Belgian Competition Authority adopts new Guidelines

Written By

hein hobbelen Module
Hein Hobbelen

Partner
Belgium

I am a Competition and Trade Partner at Bird & Bird in Brussels admitted to the Brussels and Amsterdam bars and I currently hold the position of Diversity and Inclusion Officer of the International Bar Association's Communications Committee.

On 22 May 2020 the Belgian Competition Authority (BCA) published three new guidelines: (i) new guidelines regarding the informal opinions of the BCA's President; (ii) new guidelines regarding the calculation of fines; and (iii) new leniency guidelines. Below we set out the most important differences between the old guidelines and the new ones.

The previous sets of guidelines dated from 2014 and required an update after the reform of the Belgian Code of Economic Law in 2019 (see here).

The new guidelines regarding the informal opinions of the BCA's president do not bring any material changes. It is merely an update in order to bring the terminology in line with the 2019 Act. 

The new fining guidelines are essentially an update to bring the old principles in line with the 2019 Act. However, two points merit highlighting:

  • The law of 25 April 2019 raised the maximum fine cap from 10 % of the Belgian turnover to 10 % of the worldwide turnover, in line with European law and the national competition laws of many other EU Member States.
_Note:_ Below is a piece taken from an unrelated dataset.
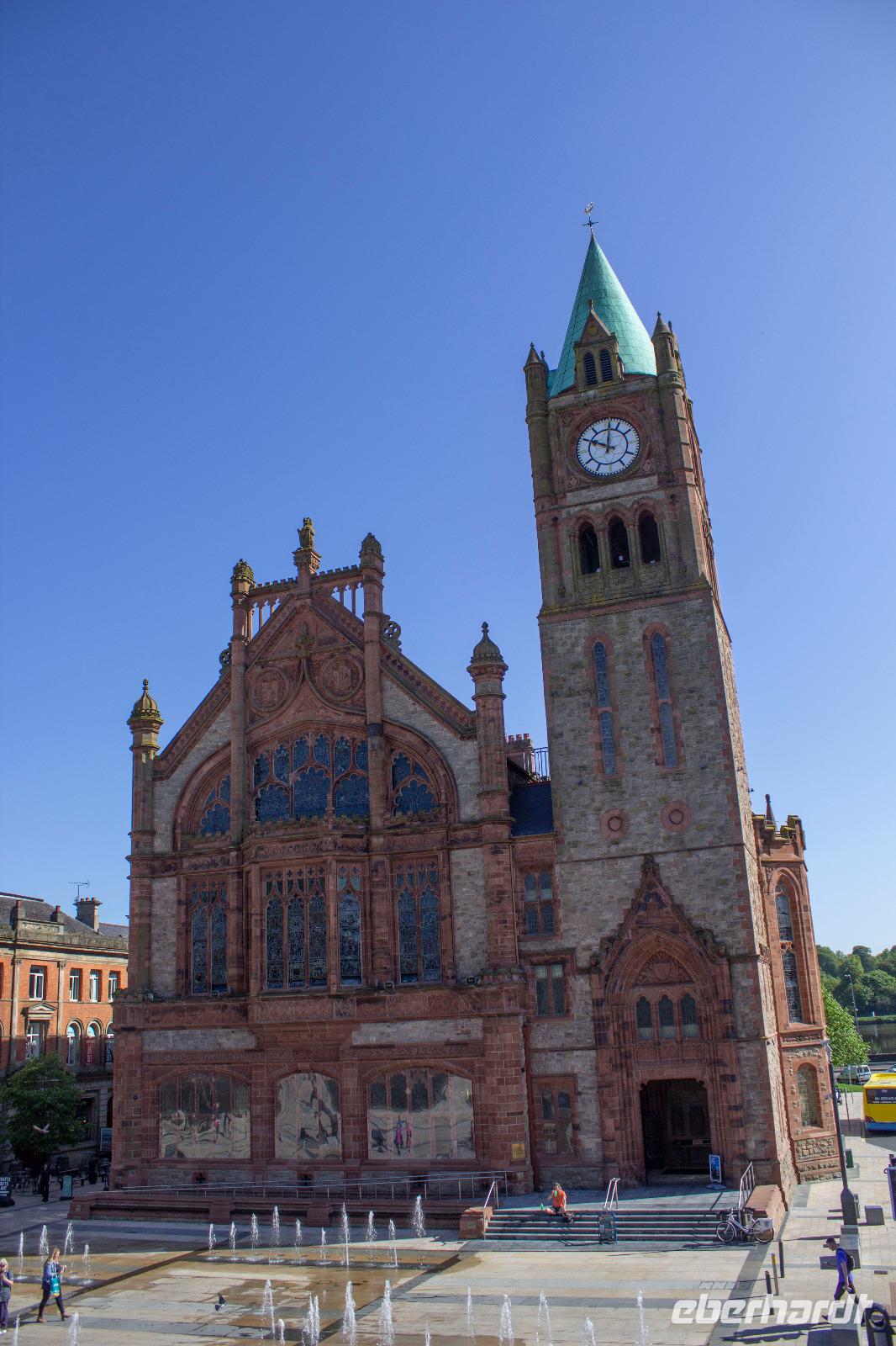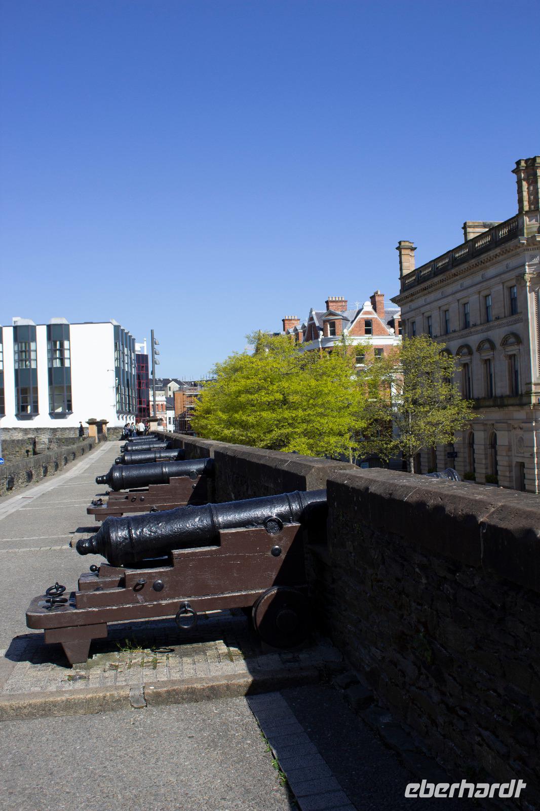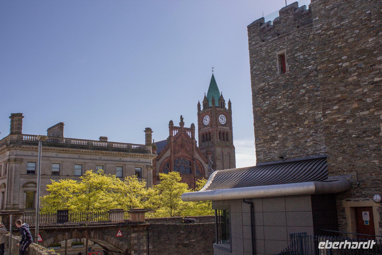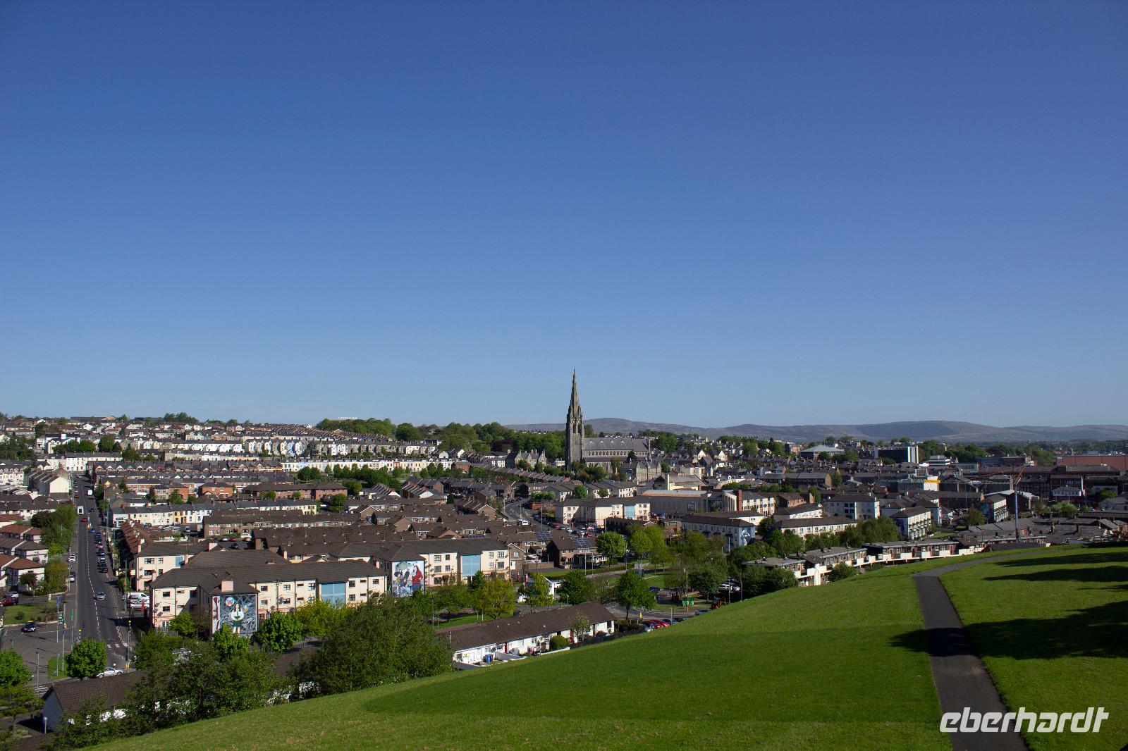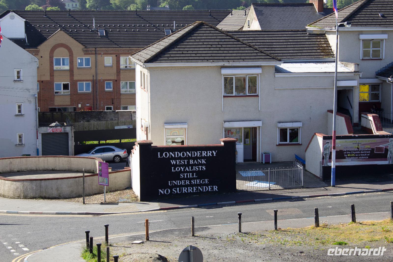An diesem Tag freuten wir uns auf unseren Ausflug nach Nordirland. Unsere erste Station war Derry-Londonderry. Die Stadt steht immer noch als Synonym für die „troubles", die Auseinandersetzungen zwischen Katholiken und Protestanten und für den „Bloody Sunday", dem „Blutigen Sonntag", an dem am 30.Januar 1972 ein Fallschirmjäger-Regiment der britischen Armee das Feuer auf eine friedlich demonstrierende Menschenmenge eröffnete. 14 Menschen kamen dabei ums Leben. Bis zum heutigen Tag sind die Wohnviertel nach Religionszugehörigkeit getrennt.

The new guidelines however confirm that, in line with previous practice, the basic amount of the fine must be defined in relation to the national turnover pertaining to the infringement.

  • Like the old version, the BCA's guidelines interpret the aggravating factor of “same or similar infringement” as “a same or similar case in a Member State of the Union which is the subject of a decision by the European Commission or a national competition authority of a country neighbouring Belgium or of the United Kingdom”. Not only does this confirm the BCA's strict adherence to the principle of recidivism (i.e. the need for a prior decision by another authority), it is also interesting that the United Kingdom remains on the list, despite Brexit.

The new guidelines apply to new cases and on certain pending cases which are still in the investigative phase of the procedure.

The changes in the leniency guidelines are more substantial. In addition to a number of (important) procedural matters which increase the procedure's efficiency, the following can be highlighted:

  • Leniency applications may no longer be brought in English, but only in French and/or Dutch depending on the location of the undertaking’s legal seat in Belgium. Moreover, the Auditor-General can oblige the parties to translate evidence to Dutch or French on pain of removal from the file. Once removed from the file, the document will no longer be regarded as information supporting the leniency application.

  • Regarding natural persons the guidelines now explicitly add that individuals that sufficiently cooperated with the leniency application of the undertaking or association of undertakings will enjoy immunity of prosecution.

  • In line with the old guidelines, an individual can in principle only be fined together with an undertaking. The new guidelines however add that, in case the undertaking or association of undertakings that committed the infringement no longer exists and has no legal successor, the investigation can exceptionally be conducted only with regard to the natural persons involved.

The new leniency guidelines will apply to leniency applications submitted after 22 May 2020 on the condition that no other leniency application was submitted in the case already.